Reference the ADC from 3.3 V for full range. However, for the simplicity, and not needing an op-amp, it may be worth the small sacrifice in range if you use 5 V for the reference. IIRC, Arduino does have an internal 1.1 V reference, which can be used to give full scale if you change the R values, and add an extra shunt resistor from the output to ground. Ask a separate question if it's not obvious how to do this.

The input impedance is 30 kΩ, the output impedance to the Arduino ADC is 6.7 kΩ, which is IIRC within its input impedance tolerance. I think it can tolerate higher resistors if you have a C to ground to source the ADC current spikes.

• I thought of mapping as you say, ie using a voltage divider with a shunt resistor. But, after calculations, I found that the shunt resistance had to be negative. In fact, when the input voltage is 2.5V we want the output to be 5V, so we have opposite currents circulating through the same branch.
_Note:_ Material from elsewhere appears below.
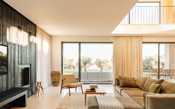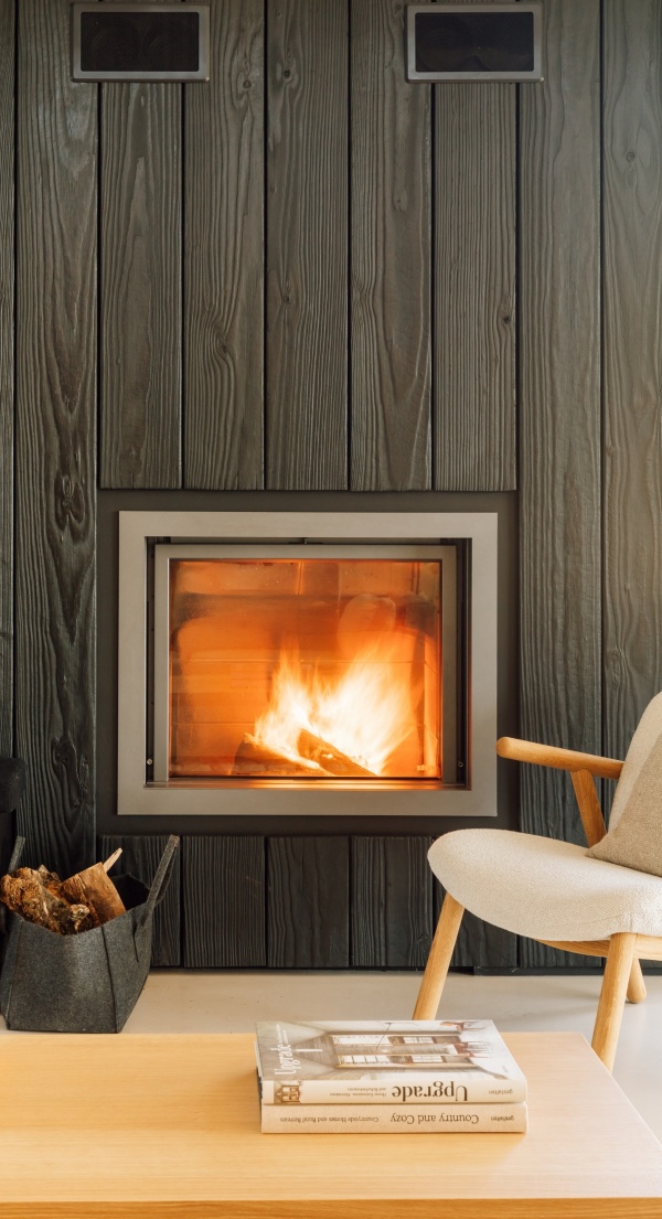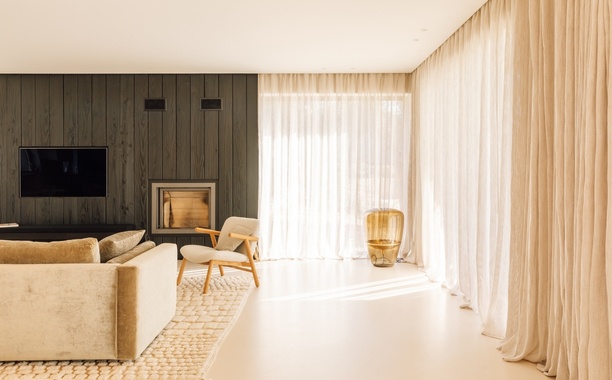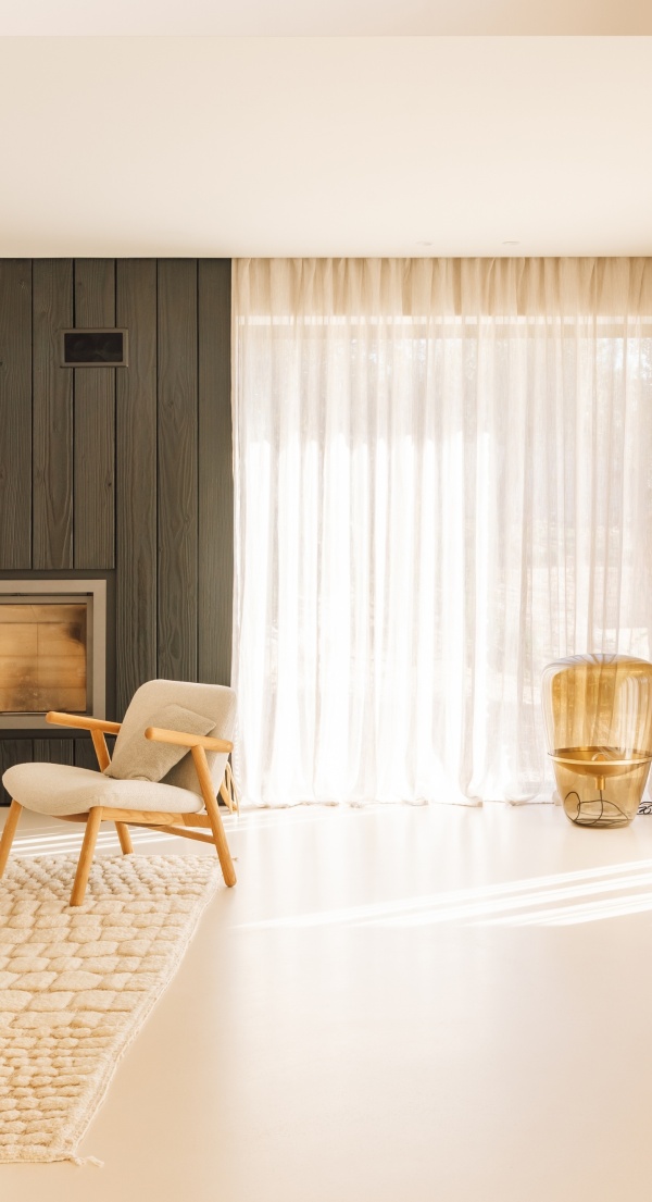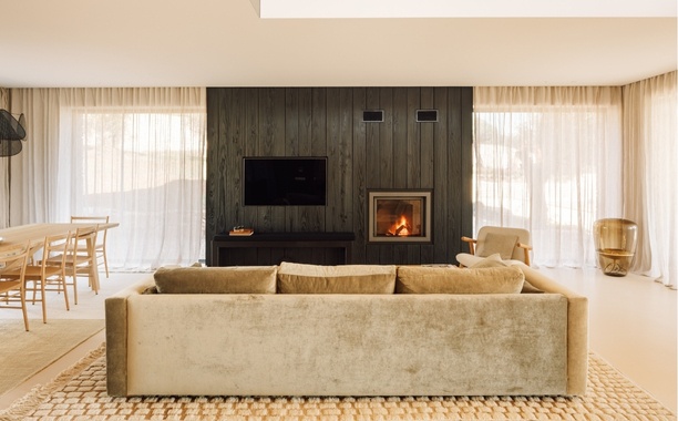 A sala foi desenhada em função de um módulo central que abraça a lareira e a televisão. A presença do ecrã é absorvida pelas réguas de madeira queimada e à medida que a luz de final de tarde flui pela casa, é realçada a impressionante textura da madeira. Combinada com um confortável sofá de veludo, um tapete berbere marroquino e cortinas de linho, introduz o calor e aconchego que a noite pede.

I don't know if I am explaining myself... In other words, it seems necessary that Vcc be less than the maximum value of the input voltage May 22, 2022 at 20:58
• @Sharik_97 I was suggesting that you don't have the output range all the way to 5 V. Do the sums on the values I've shown. It may be worth it for not having to use an opamp. May 23, 2022 at 4:06
• Sorry, I don't know what values ​​you are referring to. What I said is that I tried to do the mapping using a resistor between the output and ground, as you said, and I came to the conclusion that that method is valid only when the maximum input voltage is greater than the supply (Vcc). I think I'll ask another question later to make my doubt clearer May 27, 2022 at 17:00

So you want to map the voltage range (-2.5V to 2.5V) to (0V to 5V)?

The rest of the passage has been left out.